The required answer is the data below, restated word for word with images omitted.

====== EXERCISE DATA ======

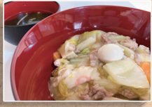
中華丼 中華スープ

『ベークリー』では、新しく「カレーパン」の試作を行っています。具材から手作りしており、トマト風味の「カレーパン」に仕上がっています(橋本)
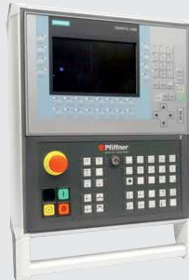
KP700 mit aktueller Maschinensteuertafel

======

> EXERCISE RESULT:
中華丼 中華スープ

『ベークリー』では、新しく「カレーパン」の試作を行っています。具材から手作りしており、トマト風味の「カレーパン」に仕上がっています(橋本)
KP700 mit aktueller Maschinensteuertafel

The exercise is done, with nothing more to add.